= Isaac ben Joseph ibn Pulgar =

14th-century Spanish philosopher and poet

Isaac ben Joseph ibn Pulgar or Isaac ben Joseph ibn Polkar or Isaac Polqar was a Spanish Jewish philosopher, poet, and controversialist, who flourished in the first half of the fourteenth century.

==Life==

Where he lived is not known, for though "Avilla" is given at the end of his translation of Al-Ghazali's Maqasid, the town-name as well as the date is probably the copyist's. He was a warm defender of Isaac Albalag, and continued his translation of Al-Ghazali's-work. It seems from his Ezer ha-Dat that he had been a friend of Abner of Burgos; but when the latter, after conversion, sent him one of his anti-Jewish writings, he replied in a stinging satirical poem.

==Works==

Ibn Pulgar wrote the following:

1. Hebrew translation of the third book of Al-Ghazali's Maqasid (completed in 1307)
2. Ezer ha-Dat, the most important of his writings (see below), a polemical work in five books, in the form of dialogues, and interspersed with verse;
3. Iggeret ha-Ḥarfit, a refutation of Abner of Burgos' Minhat Kena'ot
4. a refutation in Spanish of astrology
5. verse.

Ibn Pulgar defended halakhah, but said that aggadic portions of the Talmud that do not pertain to matters of faith are not authoritative. Ibn Pulgar's theory was that laws were not instituted for the sake of God, who has no need of them, but for the sake of man. Therefore, he who observes these laws must not expect any future reward, as he is rewarded in the observance of them. Thus the question, "Why are sinners often happy and the pious unhappy?" has no meaning, for virtue and wisdom contain happiness in themselves, while sin and folly contain unhappiness.

Of Ezer ha-Dat, the first book, in eight chapters ("she'arim", literally "gates"), is a demonstration of the superiority of the Jewish religion, in which Ibn Pulgar attacks both apostates and Christians. The second book attacks infidels and skeptics. The third attacks astrologers. The fourth attacks those who explain the Bible in a strictly literal sense and those who, like the Christians, interpret it in a figurative and allegorical sense. The fifth attacks those who do not believe in the immortality of the soul.

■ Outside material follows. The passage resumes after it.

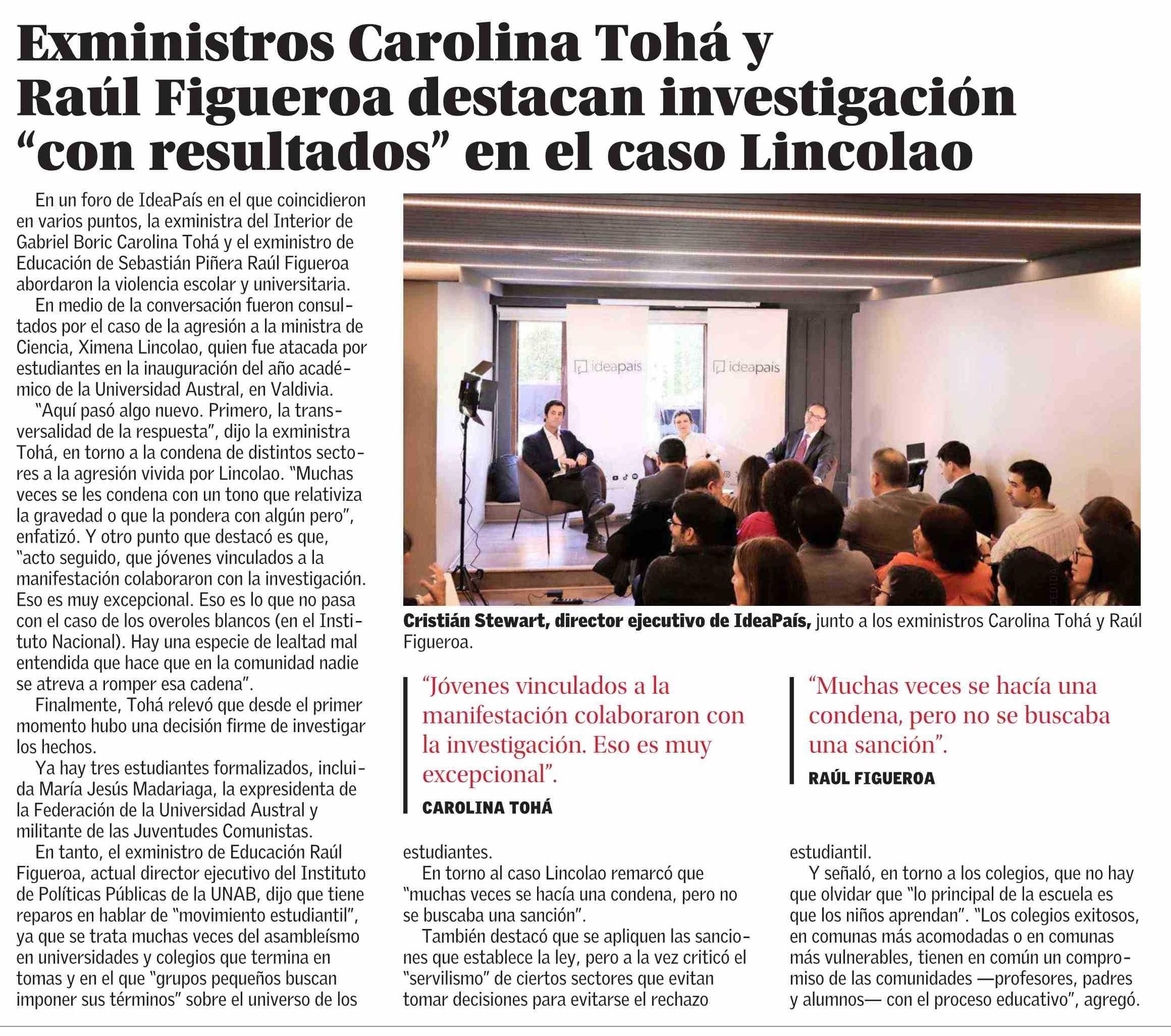 Exministros Carolina Tohá y Raúl Figueroa destacan investigación “con resultados” en el caso Lincolao

The second book, a dialogue between an aged partisan of Talmudic Judaism ("Torani") and a youthful philosopher, has been printed in Eliezer Ashkenazi's "Ta'am Zekenim" (Frankfort-on-the-Main, 1855). Ibn Pulgar's object here was to prove the superiority of philosophical Judaism; but his arguments are more clearly expressed in the fourth book, in which he attacks kabbalists, sorcerers, and false philosophers. His diatribes against the first two classes have been published by Isidore Loeb. The complete work was published by George S. Belasco.